Until 1973, New Zealand had close economic ties with Britain, enjoying preferential access to the British market for exports of its lamb and dairy products. This was abruptly ended by British entry into the European Community, and New Zealand was forced to look to the neighbouring Asia Pacific region for export markets. In 1985 New Zealand concluded a Closer Economic Relations (CER) Agreement with Australia, and has also participated in the Asia Pacific Economic Cooperation (APEC) forum, hosting its meeting in 1999.

The Asia Pacific region has also increasingly displaced Britain as a source of immigrants. Traditionally, New Zealand has regarded itself as "bicultural", composed of those of European descent (pakeha), and Maori, rather than "multicultural" like Australia or Canada. While cultural ties with Britain are still strong, with most pakeha overwhelmingly being of British origin, even they no longer regard it as "home" or "the mother country". However, when National Prime Minister Jim Bolger suggested in 1994 that New Zealand should follow Australia in severing links with the British monarchy and becoming a republic, this enjoyed little popular support, although his Labour successor Helen Clark has also expressed support for such a move.

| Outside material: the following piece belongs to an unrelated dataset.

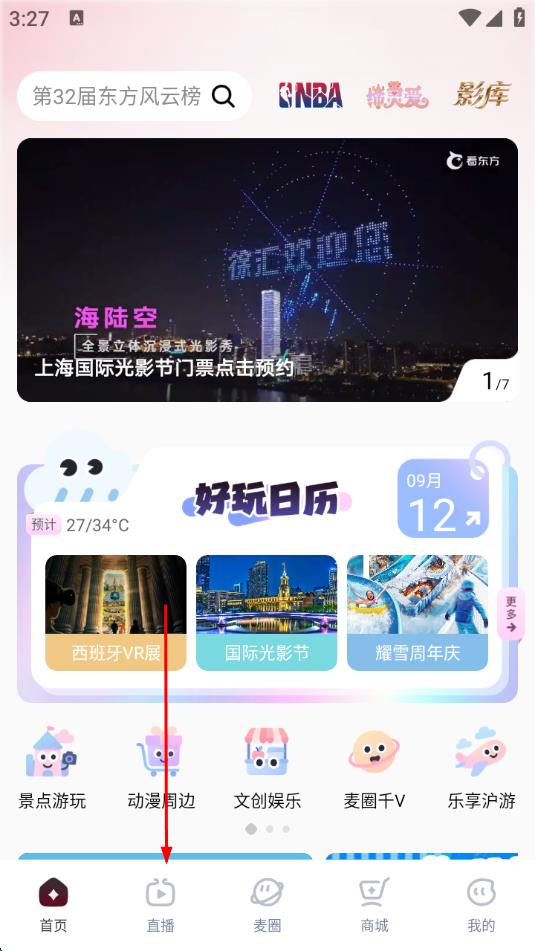 1、打開看東方應用,點擊底部導航欄中的直播選項。

In recent years the government has sought to address long-standing Maori grievances. Parliament established a Waitangi Tribunal in 1975 to hear claims of official violations of the Treaty of Waitangi, and in 1985 the Tribunal gained the right to consider Crown actions dating back to 1840. A programme of widespread economic de-regulation and privatisation of public enterprises undertaken by the Labour government of 1984 - 1990 continued under its National Party successors. In 1986 the Constitution Act came into force, and in 1993 the majority of New Zealanders decided to change the electoral system from the British system of single member constituencies elected by 'first past the post', to a form of proportional representation called Mixed Member Proportional (MMP).

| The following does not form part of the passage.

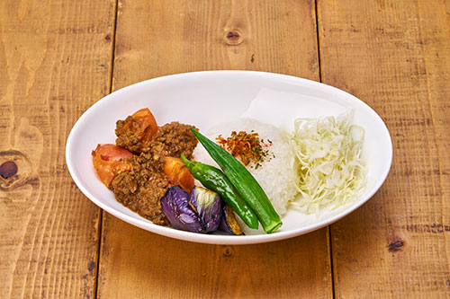 スパイスを効かせた自家製キーマカレーに素揚げした野菜をトッピング

In October 1990, the National Party again formed the government, for the first of three, three-year terms. In 1996 New Zealand elected its first MMP Parliament. The system was designed to increase representation of smaller parties in Parliament and appears to have done so. Since 1996, neither the National nor the Labour Party has had an absolute majority in Parliament, and for all but one of those years, the government has been a minority one. The current Labour government followed its November 1999 election success by outpolling National 41 per cent to 21 per cent in the July 2002 general election. Labour formed a coalition, minority government with Jim Anderton's Progressive Coalition, a left-wing party (subsequently named "Progressive Party") which holds two seats in Parliament. The coalition has a loose consultative agreement with United Future New Zealand, a small religious conservative party.

New Zealand was featured as the setting for "Middle Earth" in the renowned early 21st century trilogy of films based on Tolkien's Lord of the Rings books. It has brought an additional interest in tourism to the nation.